WHAT IS EXPECTED: The expected answer is a verbatim transcription of the lines below, beginning with the first and ending with the line that holds "De igual manera, y", without pictures.

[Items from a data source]

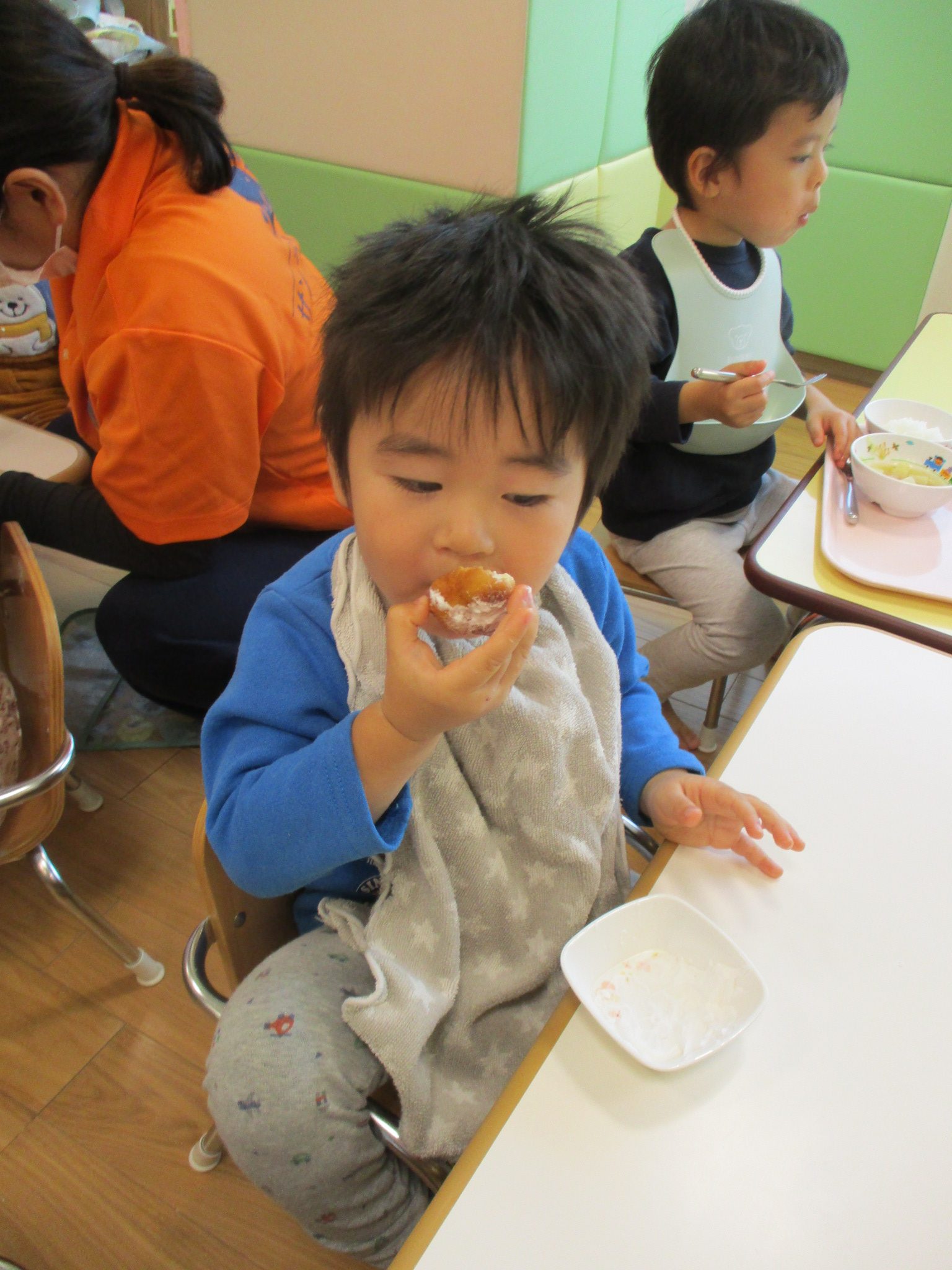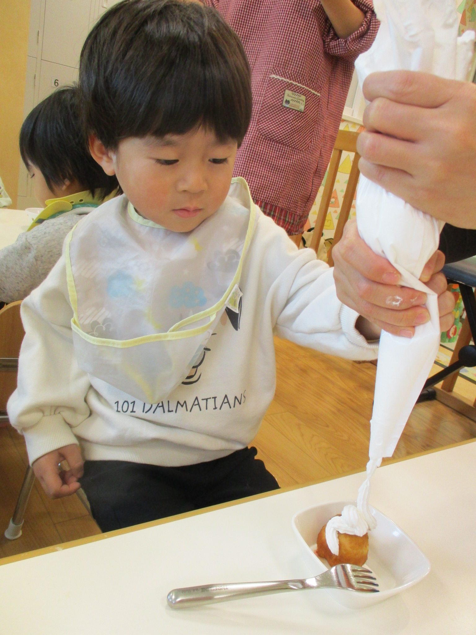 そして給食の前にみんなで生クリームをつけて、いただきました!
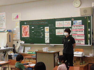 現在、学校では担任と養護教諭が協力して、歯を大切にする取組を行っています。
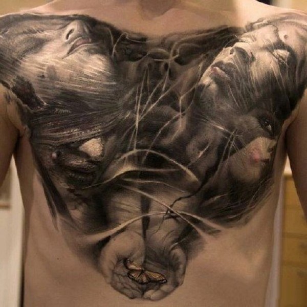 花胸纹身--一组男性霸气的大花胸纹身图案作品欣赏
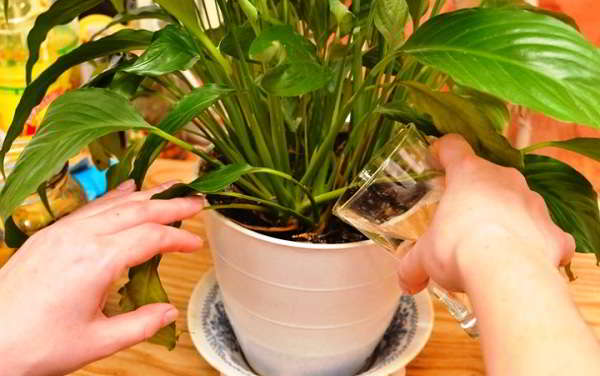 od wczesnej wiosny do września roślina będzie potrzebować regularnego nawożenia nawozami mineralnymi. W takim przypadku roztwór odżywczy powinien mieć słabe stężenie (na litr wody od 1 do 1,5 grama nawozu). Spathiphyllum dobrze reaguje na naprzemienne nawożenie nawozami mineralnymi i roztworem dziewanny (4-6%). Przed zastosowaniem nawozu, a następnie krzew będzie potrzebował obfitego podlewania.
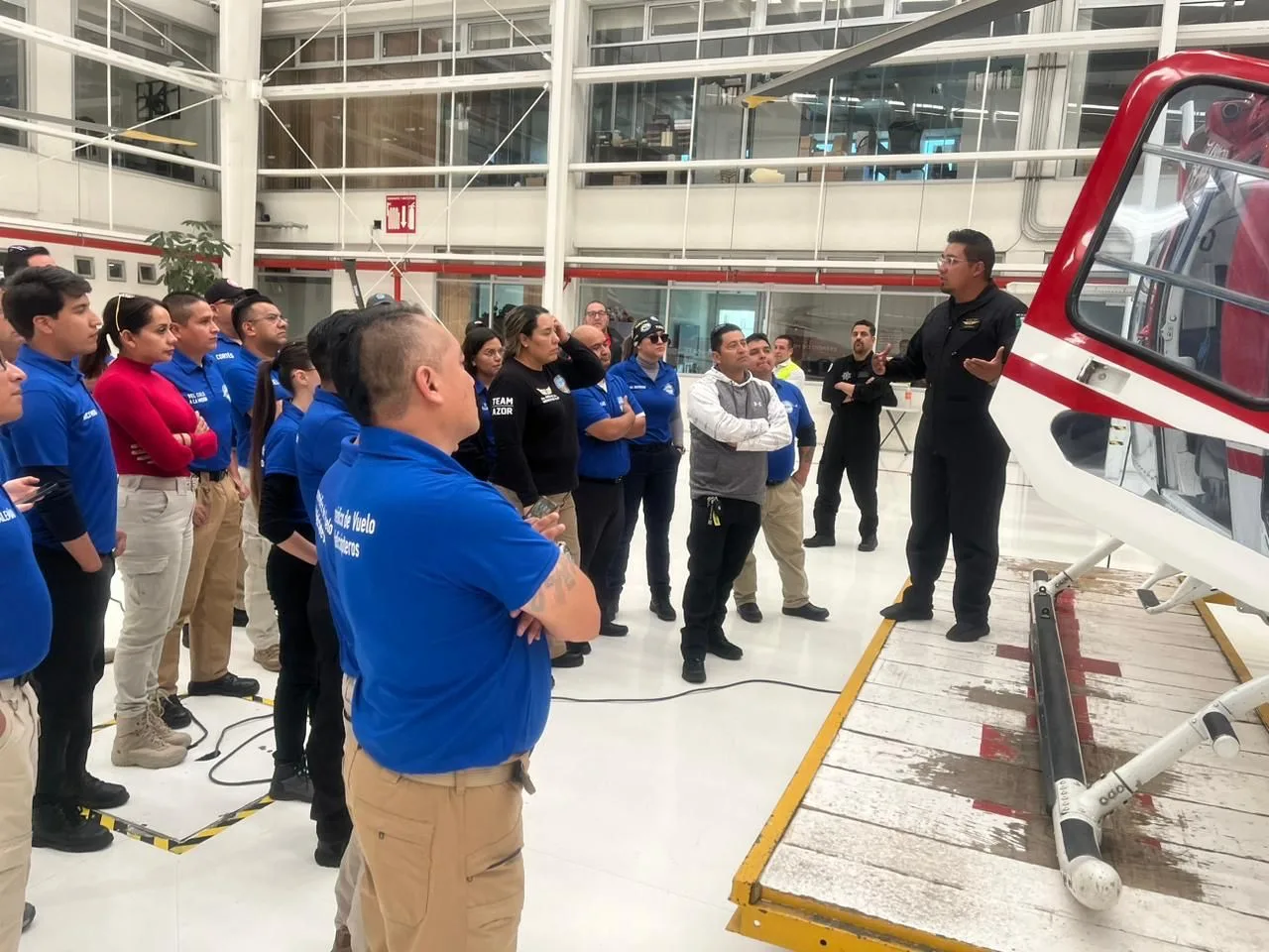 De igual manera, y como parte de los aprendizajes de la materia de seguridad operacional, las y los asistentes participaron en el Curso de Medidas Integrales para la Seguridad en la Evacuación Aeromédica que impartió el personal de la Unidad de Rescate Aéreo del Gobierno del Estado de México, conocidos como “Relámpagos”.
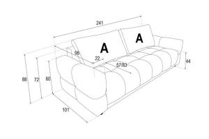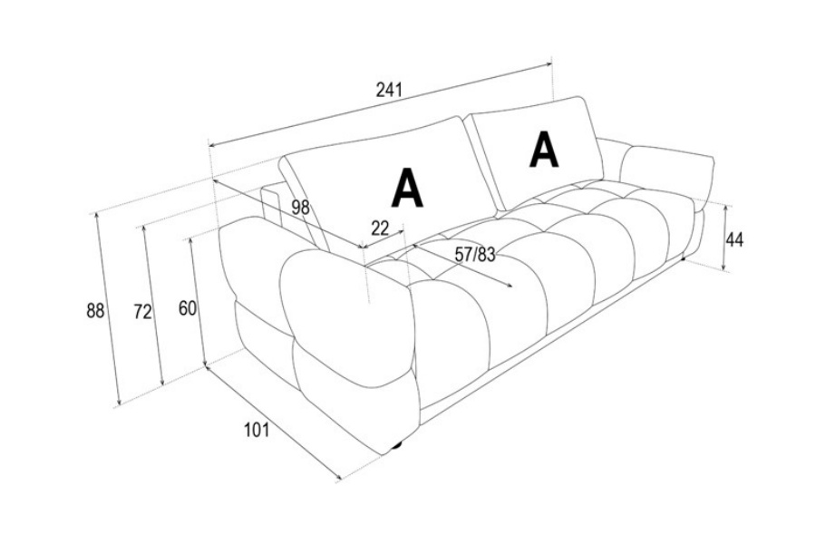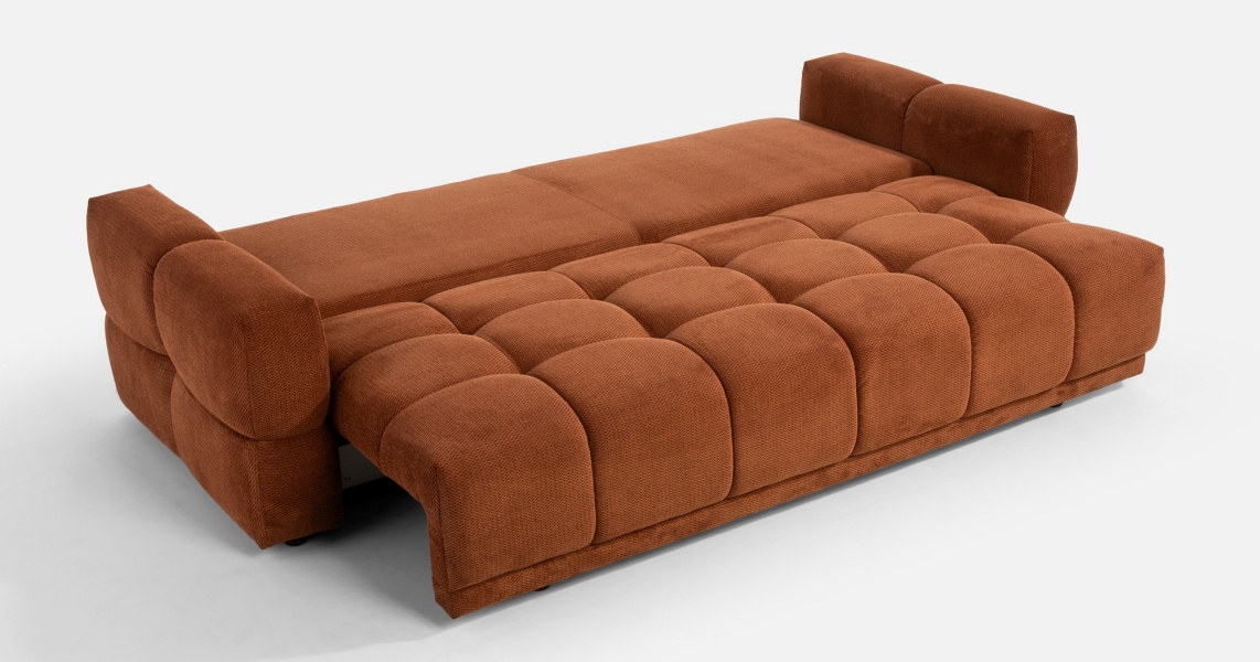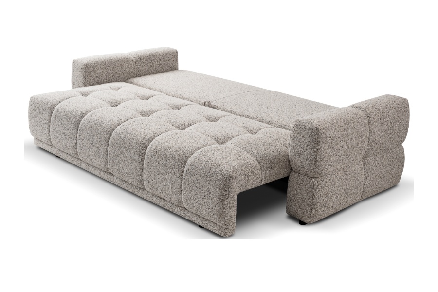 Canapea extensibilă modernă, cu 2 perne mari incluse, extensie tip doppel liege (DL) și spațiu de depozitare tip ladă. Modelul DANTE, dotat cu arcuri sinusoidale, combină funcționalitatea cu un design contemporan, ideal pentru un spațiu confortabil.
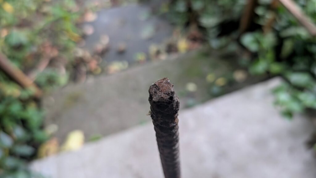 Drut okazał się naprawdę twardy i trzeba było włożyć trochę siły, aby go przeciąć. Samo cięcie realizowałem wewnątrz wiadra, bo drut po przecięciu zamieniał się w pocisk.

OUTPUT FOR THIS TASK:
 そして給食の前にみんなで生クリームをつけて、いただきました!
 現在、学校では担任と養護教諭が協力して、歯を大切にする取組を行っています。
 花胸纹身--一组男性霸气的大花胸纹身图案作品欣赏
 od wczesnej wiosny do września roślina będzie potrzebować regularnego nawożenia nawozami mineralnymi. W takim przypadku roztwór odżywczy powinien mieć słabe stężenie (na litr wody od 1 do 1,5 grama nawozu). Spathiphyllum dobrze reaguje na naprzemienne nawożenie nawozami mineralnymi i roztworem dziewanny (4-6%). Przed zastosowaniem nawozu, a następnie krzew będzie potrzebował obfitego podlewania.
 De igual manera, y como parte de los aprendizajes de la materia de seguridad operacional, las y los asistentes participaron en el Curso de Medidas Integrales para la Seguridad en la Evacuación Aeromédica que impartió el personal de la Unidad de Rescate Aéreo del Gobierno del Estado de México, conocidos como “Relámpagos”.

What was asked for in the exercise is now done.